The top lobbyist for the banking industry — which supports parts of the Choice Act — says the bill would bring relief to community banks, which many say have been overburdened by Dodd-Frank’s onerous, one-size-fits-all regulations.
“We are not seeking to roll back all of the policy response, all of Dodd-Frank,” said Rob Nichols, president and CEO of the American Bankers Association. “That’s not our intention. Our intention is to acknowledge what many regulators and legislators will tell you both publicly and privately, which is aspects of Dodd-Frank overshot.”
The Senate has been working on a separate bill that is more focused on loosening regulations on community banks. Federal Reserve Chair Janet Yellin has endorsed efforts to “mitigate the regulatory burden” when it comes to small banks.
Frank: “You don’t get everything 100 percent right the first time”
Former Rep. Barney Frank of Massachusetts agrees — despite having his name attached to the regulations, alongside that of former Sen. Christopher Dodd, D-Conn.
“Anytime you pass a very complicated piece of legislation, you don’t get everything 100 percent right the first time,” said Frank, who is the former Democratic chairman of the House Financial Services Committee.
Frank says his namesake financial reform law has been too restrictive on smaller banks. He also believes the threshold used to identify other banks “as too big to fail” should be higher.

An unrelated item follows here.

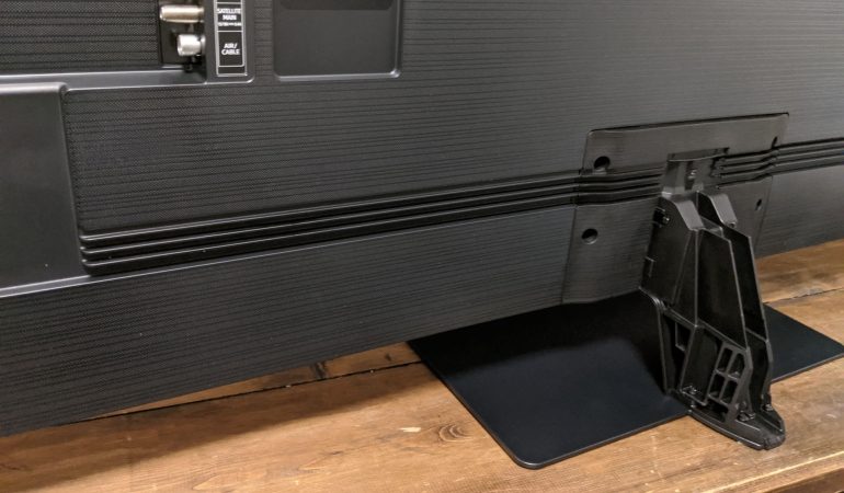 Het toestel staat op een stevige centrale voet. De voetplaat is maar 39 cm breed, zodat het toestel ook op minder brede meubels past. Alhoewel de montage sterk is, wiebelt het toestel wel gemakkelijk. Vooral naar voor kantelt het ietwat te snel, omdat de voetplaat niet ver voor het toestel uit steekt.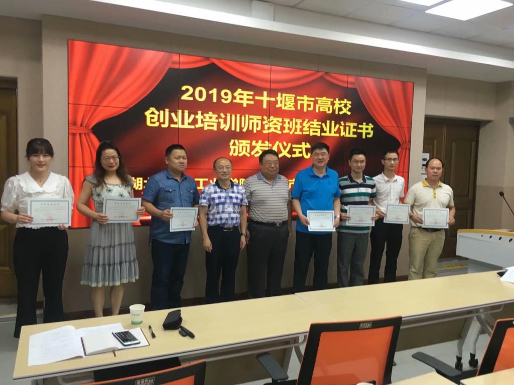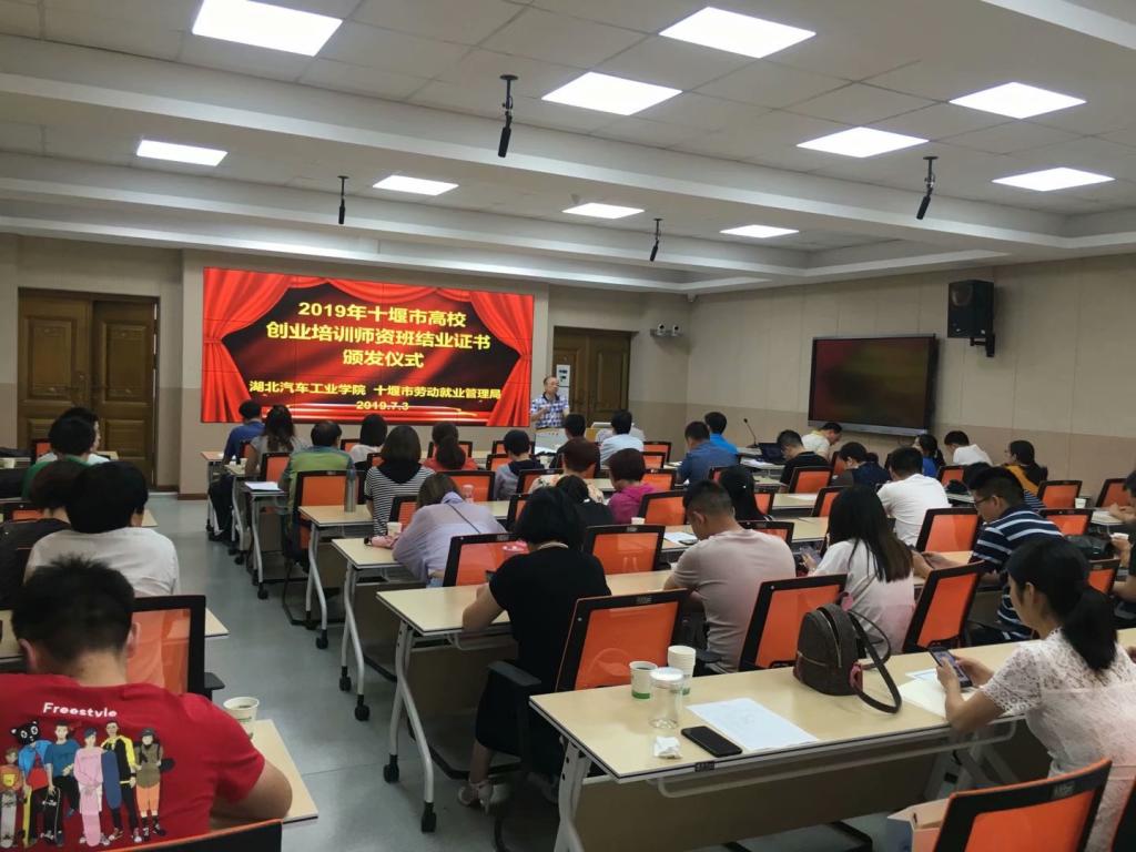 2019年7月3日下午2:30,由我校与十堰市劳动就业训练中心联合举办的2019年十堰市高校创业培训师资培训班结业证书颁奖仪式既SYB开课前部署工作在我校1305报告厅举行。副校长张友兵、十堰市劳动就业训练中心主任陈少军、工会主席张强、全体参训学员参加了颁奖仪式既SYB开课前的部署工作。颁奖仪式由william威廉中文院长缪勇主持。

“Beyond that what you have are Republicans — including the chairman of the committee, Mr. Hensarling, who is a very honorable, very pleasant, deeply rigidly ideological conservative who is essentially against any regulation.”
Democratic opposition can stop the bill in the Senate
Even though some Democrats recognize there are some problems with Dodd-Frank, they are unified in opposing the Choice Act.
“The Wrong Choice Act is a vehicle for Donald Trump’s agenda to get rid of financial regulation and help out Wall Street. It’s an invitation for another Great Recession, or worse,” said California Rep. Maxine Waters, currently the top Democrat on the House Financial Services Committee.
Hensarling’s bill is a revised version of legislation he proposed last year, which stalled in Congress. Waters says it’s no surprise that Republicans see success in their sights this time around.
“With the majority that they have in the House and the Senate and President Trump, this is their big opportunity to deregulate, deregulate, deregulate — and they’re going to go for it,” she said.
But the GOP will run into obstacles in the Senate, because Republicans in the upper chamber don’t have the 60 votes needed to pass the legislation.
Hensarling says he’s undeterred.
“If I live my life thinking that something might not pass the Senate, I would never even get up and bother to go to work,” he said.